Multiple aggregations

description

Compute two aggregation statistics, the fraction of rows where SEX == 'M' and the mean value of X, from the rows of a table.

code
>>> ht.aggregate(hl.struct(fraction_male = hl.agg.fraction(ht.SEX == 'M'),
...                        mean_x = hl.agg.mean(ht.X)))
Struct(fraction_male=0.5, mean_x=6.5)
dependencies

Table.aggregate(), aggregators.fraction(), aggregators.mean(), StructExpression

Aggregate Per Group

description

Group the table ht by ID and compute the mean value of X per group.

code
>>> result_ht = ht.group_by(ht.ID).aggregate(mean_x=hl.agg.mean(ht.X))
dependencies

Table.group_by(), GroupedTable.aggregate(), aggregators.mean()

Matrix Table Aggregations

Aggregate Entries Per Row (Over Columns)

description

Count the number of occurrences of each unique GT field per row, i.e. aggregate over the columns of the matrix table.

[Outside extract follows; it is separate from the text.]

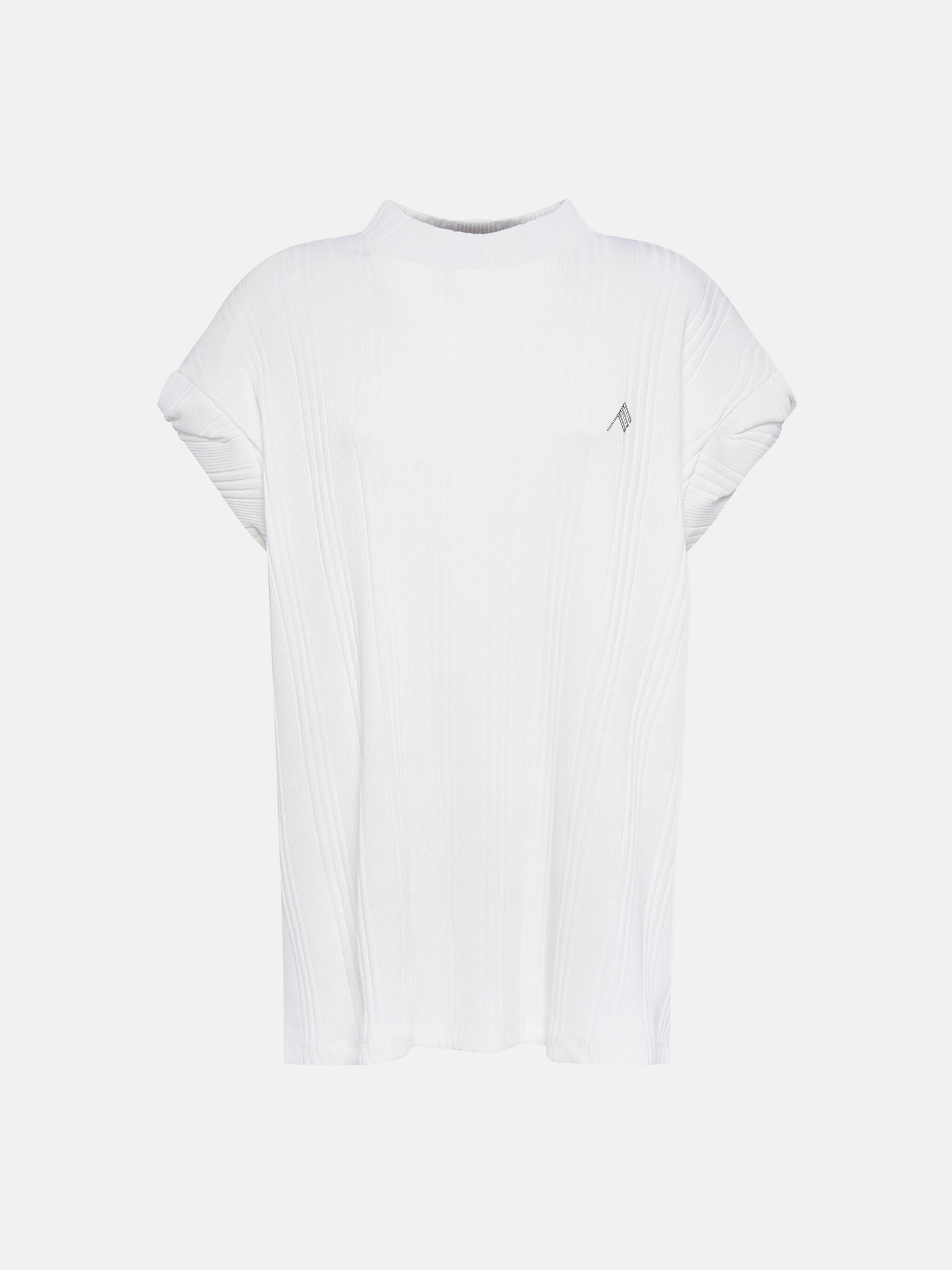 ''Laurie'' t-shirt in white flat ribbed jersey with shoulder pads, maxi torchons on the sleeves and patch logo. Made in Portugal. Style 247WCT182J048001 SIZE & FIT The model is wearing a size 40 and her height is 69,6 in, bust 30,7 in, waist 23,2 in, hips 34,6 in - height 177 cm, bust 78 cm, waist 59 cm, hips 88 cm. Relaxed, oversized fit. We recommend taking one size smaller. DETAILS Main fabric: 100% cotton

Methods MatrixTable.filter_rows(), MatrixTable.select_rows(), and MatrixTable.transmute_rows() also support aggregation over columns.

code
>>> result_mt = mt.annotate_rows(gt_counter=hl.agg.counter(mt.GT))
dependencies

MatrixTable.annotate_rows(), aggregators.counter()

Aggregate Entries Per Column (Over Rows)

description

Compute the mean of the GQ field per column, i.e. aggregate over the rows of the MatrixTable.

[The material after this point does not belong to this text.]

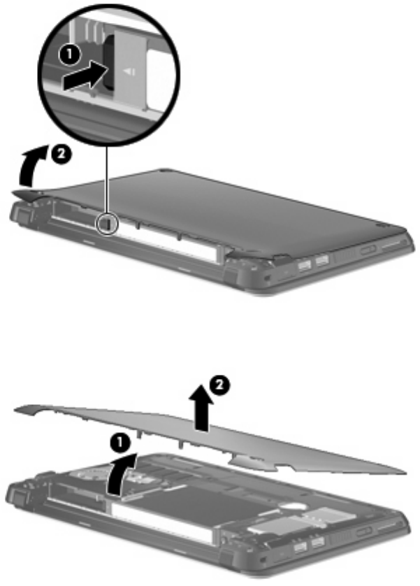 7. Levante a borda inferior da tampa interna (1) de forma inclinada, em seguida levante a tampa

Methods MatrixTable.filter_cols(), MatrixTable.select_cols(), and MatrixTable.transmute_cols() also support aggregation over rows.

code
>>> result_mt = mt.annotate_cols(gq_mean=hl.agg.mean(mt.GQ))
dependencies

MatrixTable.annotate_cols(), aggregators.mean()

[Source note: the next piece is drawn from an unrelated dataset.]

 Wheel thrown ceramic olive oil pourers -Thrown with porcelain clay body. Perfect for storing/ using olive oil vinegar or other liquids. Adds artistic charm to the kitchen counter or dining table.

Aggregate Column Values Into a Local Value

One aggregation

description

Aggregate over the column-indexed field pheno.is_female to compute the fraction of female samples in the matrix table.

code
>>> mt.aggregate_cols(hl.agg.fraction(mt.pheno.is_female))
0.48
dependencies

MatrixTable.aggregate_cols(), aggregators.fraction()

Multiple aggregations

description

Perform multiple aggregations over column-indexed fields by using a struct expression. The result is a single struct containing two nested fields, fraction_female and case_ratio.

code
>>> mt.aggregate_cols(hl.struct(
...         fraction_female=hl.agg.fraction(mt.pheno.is_female),
...         case_ratio=hl.agg.count_where(mt.is_case) / hl.agg.count()))
Struct(fraction_female=0.48, case_ratio=1.0)
dependencies

MatrixTable.aggregate_cols(), aggregators.fraction(), aggregators.count_where(), StructExpression

Aggregate Row Values Into a Local Value

One aggregation

description

Compute the mean value of the row-indexed field qual.

code
>>> mt.aggregate_rows(hl.agg.mean(mt.qual))
544323.8915384616
dependencies

MatrixTable.aggregate_rows(), aggregators.mean()

Multiple aggregations

description

Perform two row aggregations: count the number of row values of qual that are greater than 40, and compute the mean value of qual. The result is a single struct containing two nested fields, n_high_quality and mean_qual.

code
>>> mt.aggregate_rows(
...             hl.struct(n_high_quality=hl.agg.count_where(mt.qual > 40),
...                       mean_qual=hl.agg.mean(mt.qual)))
Struct(n_high_quality=13, mean_qual=544323.8915384616)
dependencies

MatrixTable.aggregate_rows(), aggregators.count_where(), aggregators.mean(), StructExpression

Aggregate Entry Values Into A Local Value

description

Compute the mean of the entry-indexed field GQ and the call rate of the entry-indexed field GT. The result is returned as a single struct with two nested fields.

code
>>> mt.aggregate_entries(
...     hl.struct(global_gq_mean=hl.agg.mean(mt.GQ),
...               call_rate=hl.agg.fraction(hl.is_defined(mt.GT))))
Struct(global_gq_mean=64.01841473178543, call_rate=0.9607692307692308)
dependencies

MatrixTable.aggregate_entries(), aggregators.mean(), aggregators.fraction(), StructExpression

Aggregate Per Column Group

description

Group the columns of the matrix table by the column-indexed field cohort and compute the call rate per cohort.

code
>>> result_mt = (mt.group_cols_by(mt.cohort)
...              .aggregate(call_rate=hl.agg.fraction(hl.is_defined(mt.GT))))
dependencies

MatrixTable.group_cols_by(), GroupedMatrixTable, GroupedMatrixTable.aggregate()

understanding

Group the columns of the matrix table by the column-indexed field cohort using MatrixTable.group_cols_by(), which returns a GroupedMatrixTable. Then use GroupedMatrixTable.aggregate() to compute an aggregation per column group.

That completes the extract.